Так молчать нам обоим неловко,

Что ни стань говорить — невпопад;

За тяжелой косою головка

Словно хочет склониться назад.

(«Зной»)

В наиболее удачных стихах беглое переживание глубже раскрывает чувство. Так, в стихотворении «Еще акация одна…» любовь раскрывается в желании задержать время, остановить мгновение, а это желание реализуется в такой ситуации

…К твоим ногам, на ясный круг,

Спорхнула птичка полевая.

С какой мы робостью любви

Свое дыханье затаили!

Казалось мне, глаза твои

Не улетать ее молили.

Сказать «прости» чему ни будь

Душе казалося утратой…

И, собираясь упорхнуть,

Глядел на нас наш гость крылатый.

В изображении чувства Фета увлекает фиксация деталей, тонких оттенков, неясных, неопределенных эмоций. Чувство у Фета обычно раскрывается не в обобщенном виде, не как результат более или менее длительных переживаний, единство и смысл которых осознаны переживающим; Фет фиксирует отдельные душевные движения, настроения, оттенки чувств.

Даются лишь моменты чувства, нет его развития, хотя Фет любит сопоставить его две стадии по «музыкальным» принципам повторения (например, в стихотворениях «Вчера я шел по зале освещенной…», «Сияла ночь. Луной был полон сад. Лежали…») или контраста («О друг, не мучь меня жестоким приговором…», «Что за ночь! Прозрачный воздух скован…»).

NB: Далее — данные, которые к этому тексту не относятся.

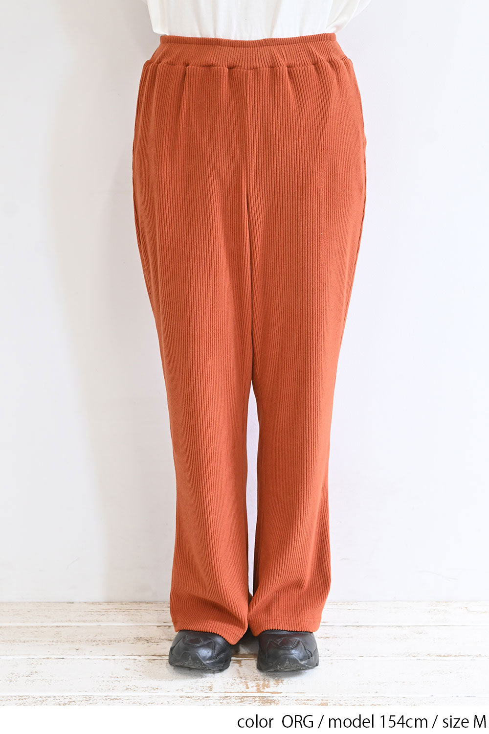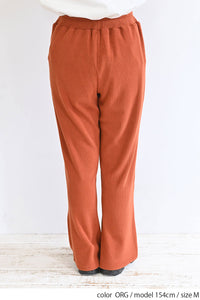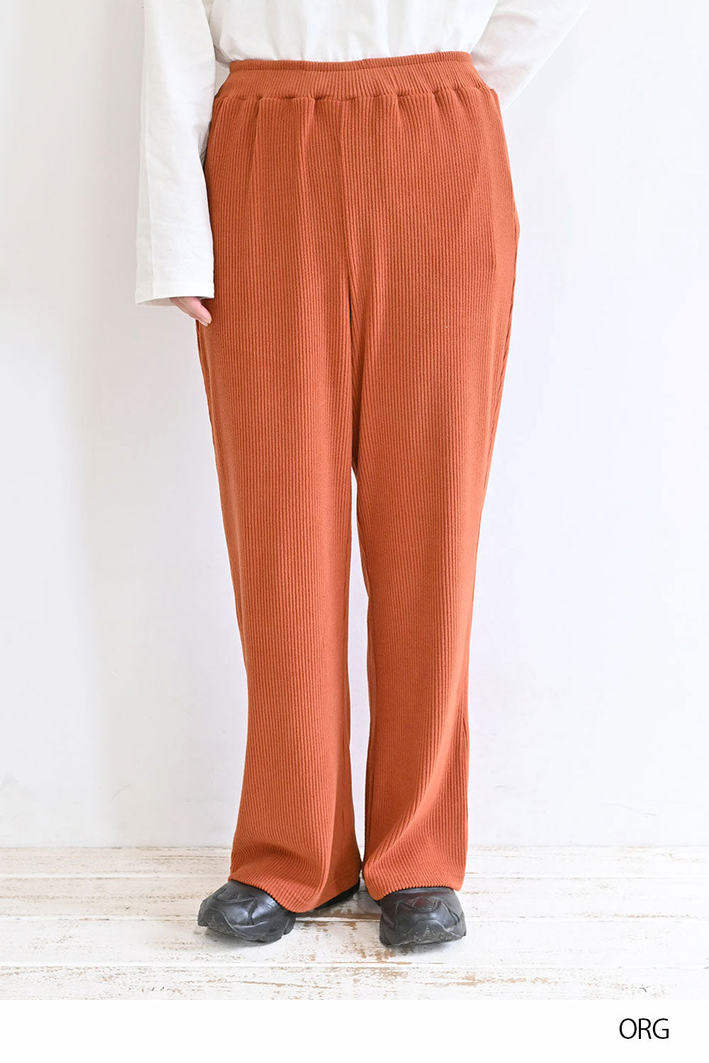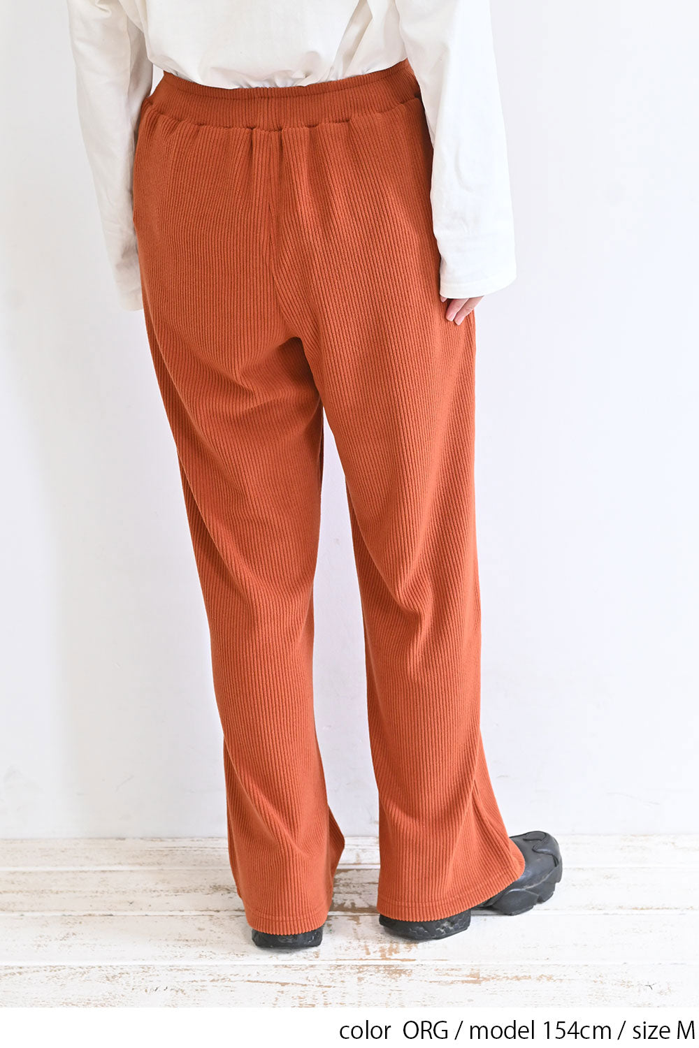 ストレッチ性のある総ゴム仕様が楽ちんなリブパンツです。

Своеобразие психологического анализа Фета хорошо чувствовали современники; критики противоположных лагерей сходно характеризовали это своеобразие, хотя и расходились в его оценке. Салтыков-Щедрин в цитированной уже рецензии на собрание стихотворений Фета 1863 г. так характеризует поэтический мир Фета «Это мир неопределенных мечтаний и неясных ощущений, мир, в котором нет прямого и страстного чувства, а есть только первые, несколько стыдливые зачатки его, нет ясной и положительно сформулированной мысли, а есть робкий, довольно темный намек на нее, нет живых и вполне определившихся образов, а есть порою привлекательные, но почти всегда бледноватые очертания их. Мысль и чувство являются мгновенною вспышкою, каким-то своенравным капризом, точно так же скоро улегающимся, как и скоро вспыхивающим; желания не имеют определенной цели, да и не желания это совсем, а какие-то тревоги желания. Слабое присутствие сознания составляет отличительный признак этого полудетского миросозерцания».

Напротив, Боткин и Дружинин видят в манере Фета не ущербность, а новый способ раскрытия душевной жизни (хотя и они нередко сетуют на «неясность» Фета). Дружинин определяет основное свойство таланта Фета как «уменье ловить неуловимое, давать образ и названье тому, что до него было не чем иным, как смутным, мимолетным ощущением души человеческой, ощущением без образа и названия». «Мотивы г. Фета, — пишет Боткин, — заключают в себе иногда такие тонкие, такие, можно сказать, эфирные оттенки чувства, что нет возможности уловить их в определенных отчетливых чертах и их только чувствуешь в той внутренней музыкальной перспективе, которую стихотворение оставляет в душе читателя».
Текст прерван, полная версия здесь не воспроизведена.